» **Task to carry out**:
Between the line containing "Модель: Фартук фигурной" and the line containing "Emb 3PC Lawn" lies a run of lines; give that run again exactly, with both of those lines, and nothing else from the entries below.

» **Available data**:
☆ ☆ ☆ ☆ ☆ ☆ ☆

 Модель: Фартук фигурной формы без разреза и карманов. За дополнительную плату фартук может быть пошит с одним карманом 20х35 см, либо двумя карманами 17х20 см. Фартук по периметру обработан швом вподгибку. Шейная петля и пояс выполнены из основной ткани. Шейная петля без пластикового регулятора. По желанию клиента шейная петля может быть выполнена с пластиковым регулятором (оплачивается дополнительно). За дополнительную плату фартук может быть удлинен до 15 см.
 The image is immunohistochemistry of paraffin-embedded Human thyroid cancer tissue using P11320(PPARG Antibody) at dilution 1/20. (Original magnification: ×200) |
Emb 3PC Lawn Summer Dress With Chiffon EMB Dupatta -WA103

☆ ☆ ☆ ☆ ☆ ☆ ☆

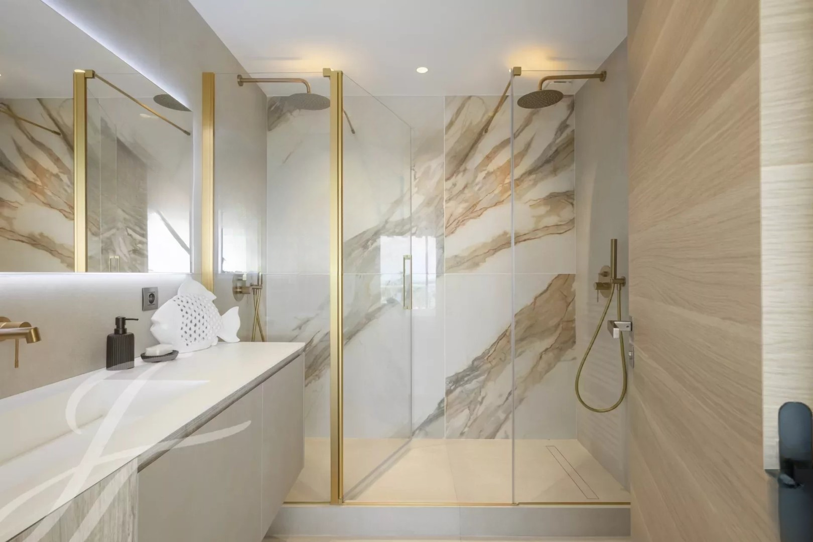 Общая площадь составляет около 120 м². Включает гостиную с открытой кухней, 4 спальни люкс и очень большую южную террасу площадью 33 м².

☆ ☆ ☆ ☆ ☆ ☆ ☆

» **Worked solution**:
 Модель: Фартук фигурной формы без разреза и карманов. За дополнительную плату фартук может быть пошит с одним карманом 20х35 см, либо двумя карманами 17х20 см. Фартук по периметру обработан швом вподгибку. Шейная петля и пояс выполнены из основной ткани. Шейная петля без пластикового регулятора. По желанию клиента шейная петля может быть выполнена с пластиковым регулятором (оплачивается дополнительно). За дополнительную плату фартук может быть удлинен до 15 см.
 The image is immunohistochemistry of paraffin-embedded Human thyroid cancer tissue using P11320(PPARG Antibody) at dilution 1/20. (Original magnification: ×200) |
Emb 3PC Lawn Summer Dress With Chiffon EMB Dupatta -WA103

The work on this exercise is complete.